CBDT Amends I-T Rule 3: Perq Value of Residential Accommodation

The CBIC has notified comprehensive amendment to the I-T rule 3(1) concerning the perquisite valuation of the free/concessional  residential accommodation provided by the employers to employees in different scenarios, effective from 1st of September, 2023, vide Notification 65/2023 dated 18/08/2023 (Income tax (Eighteenth Amendment) Rules, 2023), in line with amendments made by the Finance Act, 2023.

Significant Amendments to I-T Rule 3(1)

The modifications in I-T Rule 3(1) primarily deal with the value of residential accommodations provided by employers. Different scenarios of accommodation provision and its subsequent taxation have been addressed. The value of accommodation hinges on factors such as whether it’s furnished or unfurnished, whether it’s owned or leased by the employer, its location and the type of employer.

CBDT Amends I-T Rule 3: Perq Value of Residential Accommodation

Tax Implications for Government Employees

For instances where housing accomodation is provided by the Central or State Government, the license fee, as determined by the respective government minus the rent paid by the employee, is applicable. If furnished, the perquisite value is increased by 10% per annum of the cost of furniture. If furniture is hired, actual hire charges apply.

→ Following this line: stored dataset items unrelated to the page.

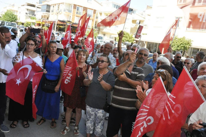 CHP İstanbul İl Başkanlığına yapılan baskın kayyum atamasına karşı tüm il ve ilçelerde eş zamanlı ortak dayanışma basın açıklaması CHP Didim İlçe Başkanlığı önünde yapıldı.
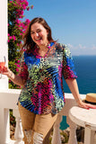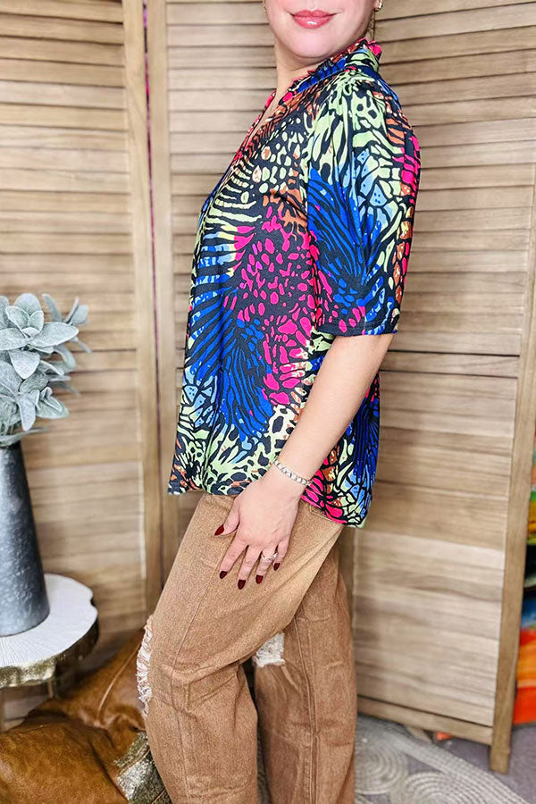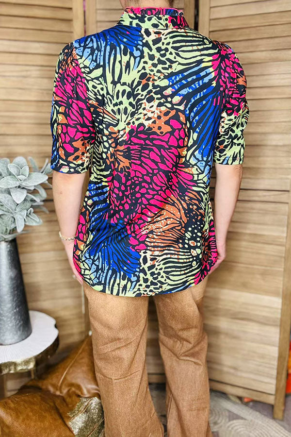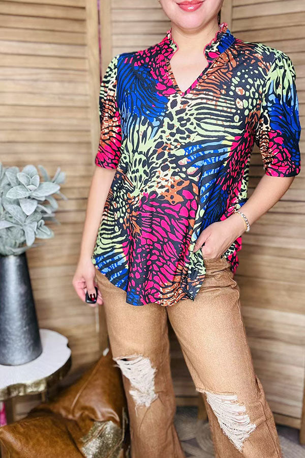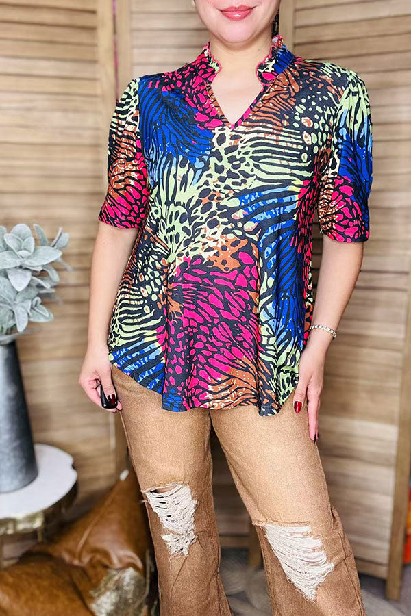 - Top features with multi color leopard & zebra animal printed with puff & wide half sleeves and v-neckline.
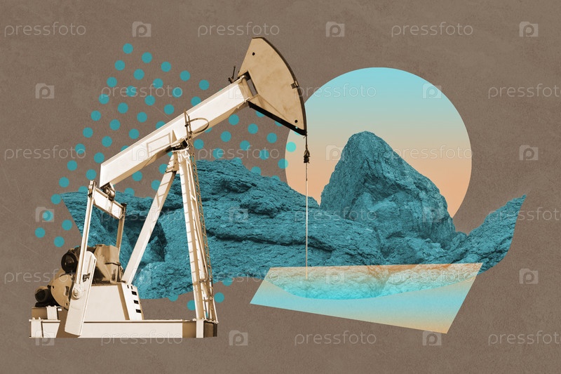 Прикольный коллаж с промышленной нефтяной вышкой. Художественный плакат, концептуальный дизайн шаблона или обложка журнала. Насос Джек
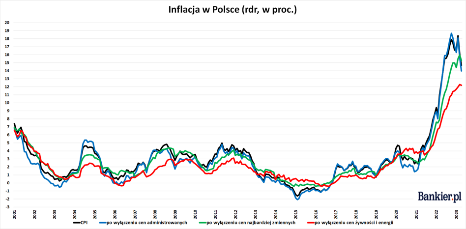 - tzw. 15-proc. średnia obcięta, która eliminuje wpływ 15 proc. koszyka cen o najmniejszej i największej dynamice, 14,3 proc. wobec 15,5 proc. miesiąc wcześniej.
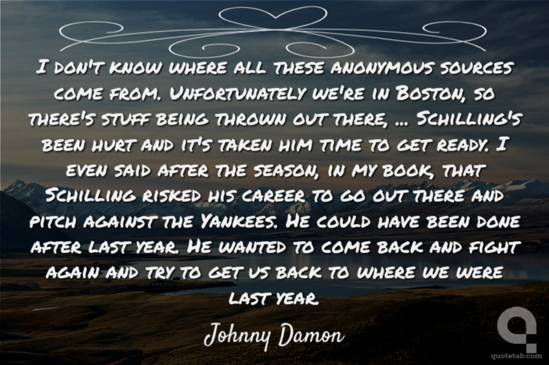 I don't know where all these anonymous sources come from. Unfortunately we're in Boston, so there's stuff being thrown out there, ... Schilling's been hurt and it's taken him time to get ready. I even said after the season, in my book, that Schilling risked his career to go out there and pitch against the Yankees. He could have been done after last year. He wanted to come back and fight again and try to get us back to where we were last year.
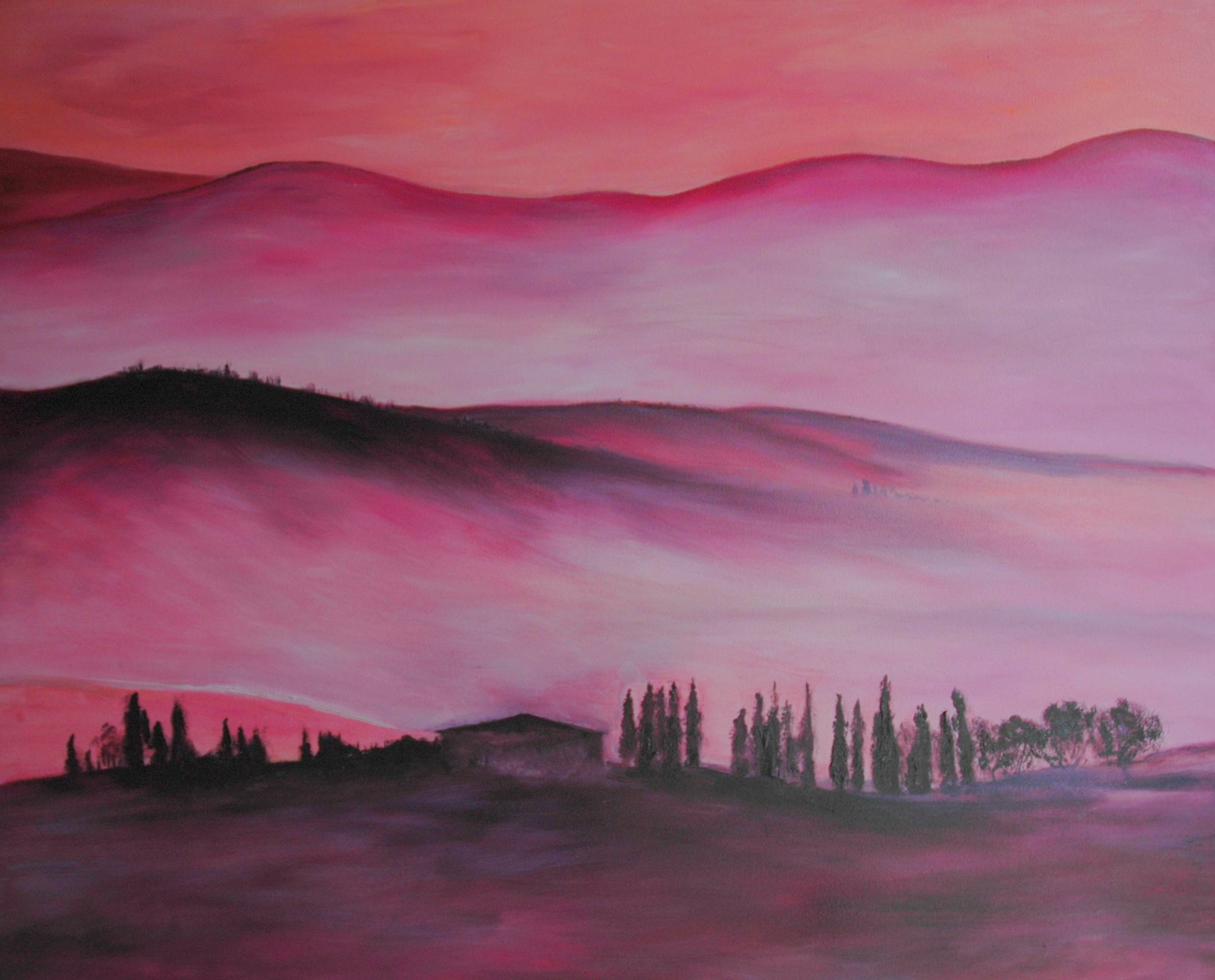 Jeden z serii obrazów pokazujący piękną Toskanię inaczej. Tym razem Toskania o brzasku w " magentowej" mgle. Inne trochę odrealnione przestrzenie. A to też Toskania..

Tax Implications for Private Sector or Other than Government Employees

In cases where accommodation is provided by other employers, different criteria apply, varying with the city population sizes. The value slabs are positioned at 10% of the salary in cities with a population exceeding 40 lakhs, 7.5% for populations between 15 to 40 lakhs, and 5% in other areas. Furnished accommodations attract an added 10% per annum of furniture cost or actual hire charges for hired furniture.

Temporary Accommodations: Lease Accommodation and Hotel Stays

Employer-leased accommodations subject the employee to a tax calculated on the lease amount, the actual amount payable by the employer, or 10% of the salary, whichever is lower. For employees provided with accommodation in a hotel for a period exceeding 15 days, tax is calculated based on 24% of salary for the relevant period or the actual hotel expense, whichever is lower.

Exceptions: Provisions for Deputation, Inflation and Remote Areas

The new amendment offers exceptions for accommodations provided at sites such as mining areas, onshore oil explorations, project execution sites, or an offshore site, as long as they do not exceed 1,000 square feet and are at least eight kilometres from any municipality or cantonment board. Multiple residential accommodations or those provided for over a year are dealt with special provisions, including the use of the Cost Inflation Index. The term ‘remote area’ is defined to exclude areas within or less than 30 km from a municipality or a cantonment board with a population of 100,000 or more.

CBDT Income Tax Notification 65/2023 dated 18/08/2023: I-T Rule 3 Amended (Perq Value of Residential Accommodation)

CBDT Income Tax Notification 72/2023 dated 29/08/2023: Corrigendum to Notification 65/2023 dated 18/08/2023


With the introduction of this amendment in the Income-tax Rules, 1962, the taxation rules have changed significantly for employees in India receiving accommodation as part of their job perks. To ensure proper adherence to these new rules, employees and employers should familiarise themselves with these changes. It is particularly crucial for employees and employers who deal with accommodation benefits to understand and comply properly with these new rules.